Similar to the plurality of first heat exchangers 15a of the first embodiment, the plurality of first heat exchangers 50a are connected to the first flow path 25 of the coolant circuit 20. Specifically, the inflow portion 54 of each first heat exchanger 50a is connected to the inflow side first flow path 251. The outflow portion 55 of each first heat exchanger 50a is connected to the outflow side first flow path 252.

Similar to the plurality of second heat exchangers 15b of the first embodiment, the plurality of second heat exchangers 50b are connected to the second flow path 26 of the coolant circuit 20. Specifically, the inflow portion 54 of each second heat exchanger 50b is connected to the inflow side second flow path 261. The outflow portion 55 of each second heat exchanger 50b is connected to the outflow side second flow path 262.

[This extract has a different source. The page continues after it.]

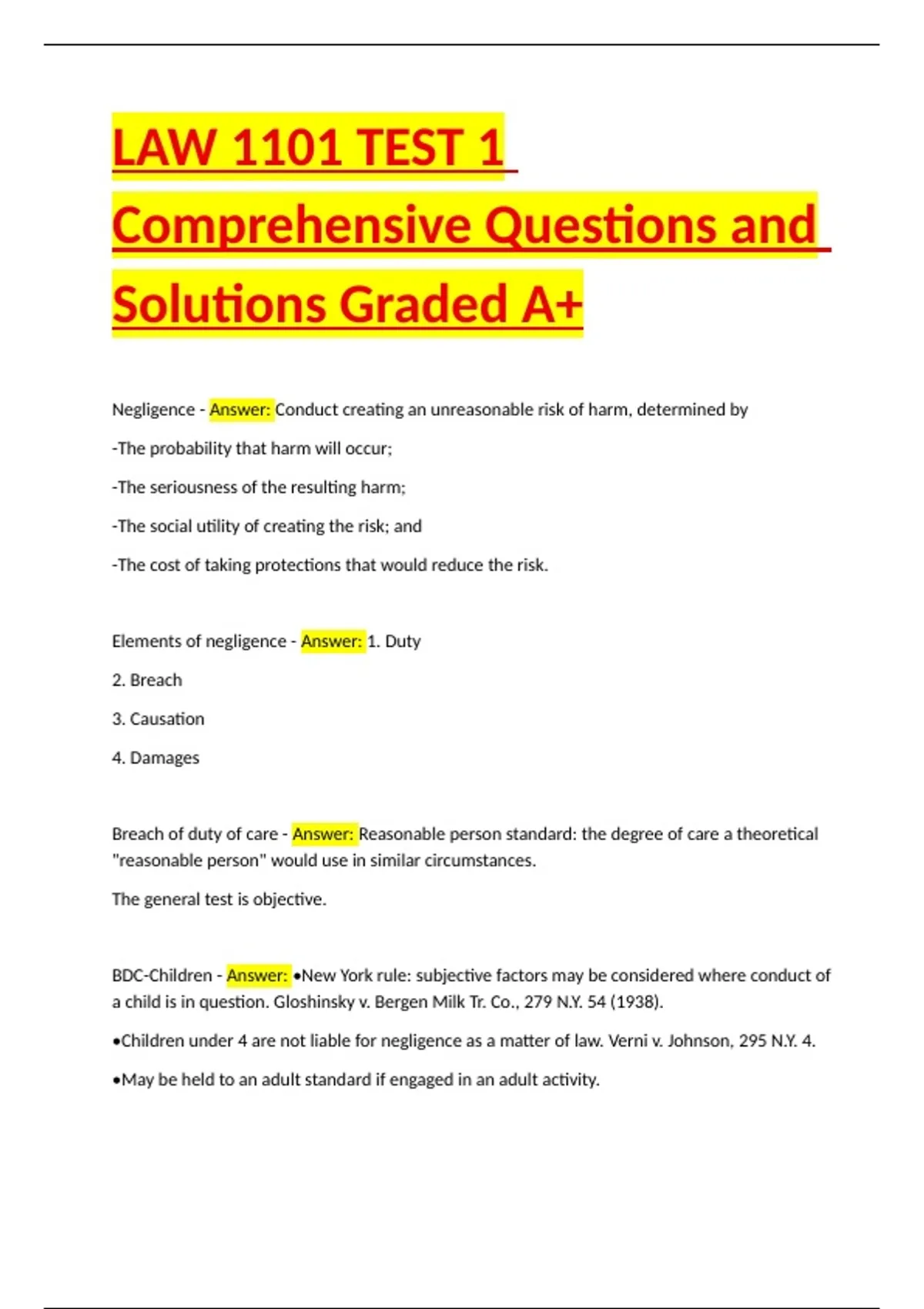 LAW 1101 TEST 1 Comprehensive Questions and Solutions Graded A+

The flow rate adjusting valve 22 adjusts the flow rate of the coolant flowing into each of the plurality of first heat exchangers 50a and the plurality of second heat exchangers 50b.

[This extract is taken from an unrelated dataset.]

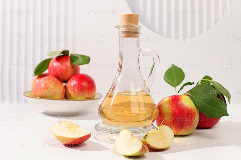 Яблочный уксус или ферментированный напиток и свежие яблоки на солнечном столе. Осенний баннер. Диета и концепция потери веса. Здоровое питание, детоксикация организма, яблоки помогают очистить организм

FIG. 16 shows the detected temperature of the temperature sensor 41 at the temperature measurement position numbered in the squares 1 to 4 in FIG. The detected temperature at the temperature measurement positions Nos. 1 and 4 is the temperature of the battery cell 12c of the end side module 11a. The detected temperature at the temperature measurement positions Nos. 2 and 3 is the temperature of the battery cell 12d of the central module 11b.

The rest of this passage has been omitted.